Reading the instructions under this repo: Google Cloud Storage and BigQuery connectors I followed the below initialization action to create a new Dataproc cluster with a specific version of Google Cloud Storage and BigQuery connector installed:
gcloud beta dataproc clusters create christos-test \
--region europe-west1 \
--subnet <a subnet zone> \
--optional-components=ANACONDA,JUPYTER \
--enable-component-gateway \
--initialization-actions gs://<bucket-name>/init-scripts/v.0.0.1/connectors.sh \
--metadata gcs-connector-version=1.9.16 \
--metadata bigquery-connector-version=0.13.16 \
--zone europe-west1-b \
--master-machine-type n1-standard-4 \
--worker-boot-disk-size 500 \
--image=<an-image> \
--project=<a-project-id> \
--service-account=composer-dev@vf-eng-ca-nonlive.iam.gserviceaccount.com \
--no-address \
--max-age=5h \
--max-idle=1h \
--labels=<owner>=christos,<team>=group \
--tags=allow-internal-dataproc-dev,allow-ssh-from-management-zone,allow-ssh-from-management-zone2 \
--properties=core:fs.gs.implicit.dir.repair.enable=false
As you should be able to see, I had to add the external dependencies in a bucket of my own under: gs://init-dependencies-big-20824/init-scripts/v.0.0.1/connectors.sh.
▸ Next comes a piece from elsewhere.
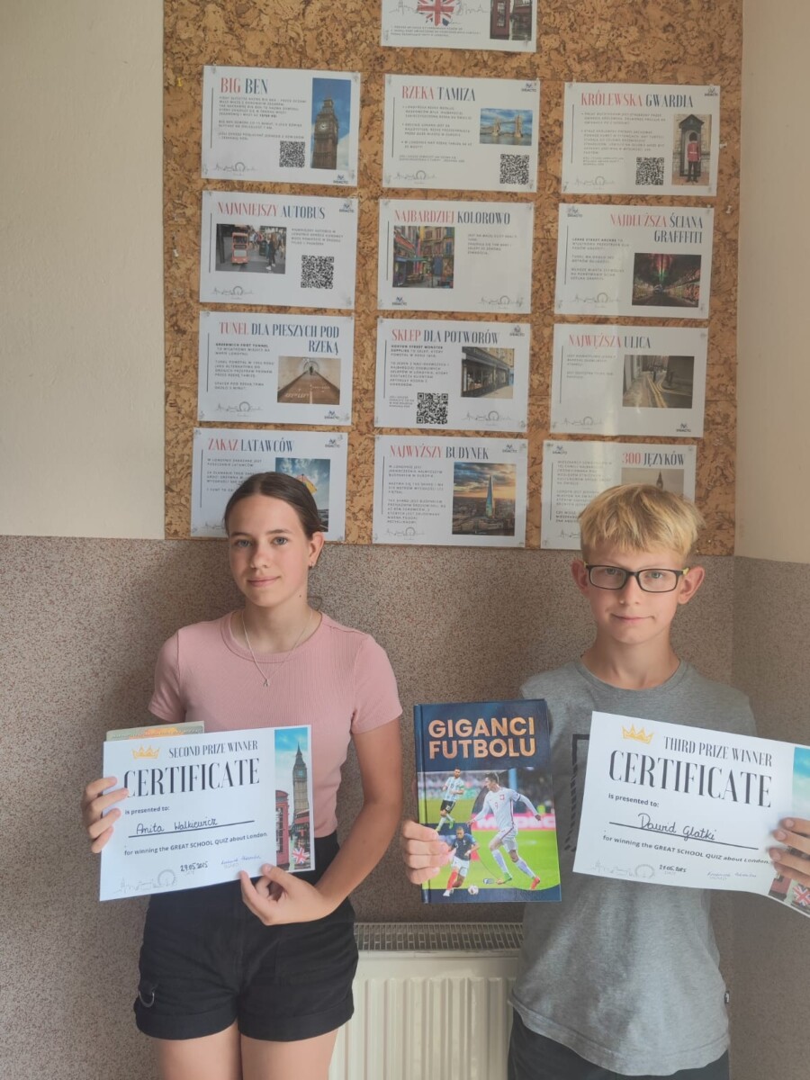 W ostatnim tygodniu maja naszą szkołę opanowała prawdziwie brytyjska gorączka! W ramach ogólnopolskiego projektu „London Week”, uczniowie zanurzyli się w kulturze i atmosferze stolicy Wielkiej Brytanii, uczestnicząc w aktywnościach, które rozbudziły ich kreatywność i wiedzę. Dla młodszych klas „London Week” oznaczał przede wszystkim warsztaty DIY, podczas których małe rączki z zapałem wyklejały kolorowymi materiałami sylwetki słynnych londyńskich ikon. Atmosferę dopełniała tradycyjna angielska herbatka, której smak stał się pretekstem do opowieści o brytyjskich zwyczajach. Nie zabrakło też porcji fascynujących ciekawostek o Londynie, które rozbudzały wyobraźnię i poszerzały horyzonty najmłodszych podróżników. Zupełnie inne wyzwanie czekało starsze klasy, dla których został przygotowany „Great School Quiz”, w którym musieli zmierzyć się z podchwytliwymi pytaniami dotyczącymi historii, geografii, kultury, sportu i życia codziennego Londynu. Wyniki konkursu wyglądały następująco:

As per the scipt's instructions (I am referring to the connector.sh script), I also had to add the following jars in this bucket:
- gcs-connector-hadoop2-1.9.16.jar
- gcs-connector-1.7.0-hadoop2.jar
- gcs-connector-1.8.0-hadoop2.jar
- bigquery-connector-hadoop2-0.13.16.jar
The script works fine and the cluster is created successfully. However, using a PySpark notebook through Jupyter still results in a BigQuery "class not found" exception. The same happens when I run PySpark directly from the terminal. The only way I was able to avoid that exception is by copying another jar (this time spark-bigquery_2.11-0.8.1-beta-shaded.jar) in my cluster's master node and starting PySpark with:
pyspark --jars spark-bigquery_2.11-0.8.1-beta-shaded.jar
Obviously, this beats the purpose.
What am I doing wrong? I thought about changing the connector.sh script to include another copy function so copy spark-bigquery_2.11-0.8.1-beta-shaded.jar under /usr/lib/hadoop/lib, so I tried to just copy this jar there manually and start PySpark but this still didn't work...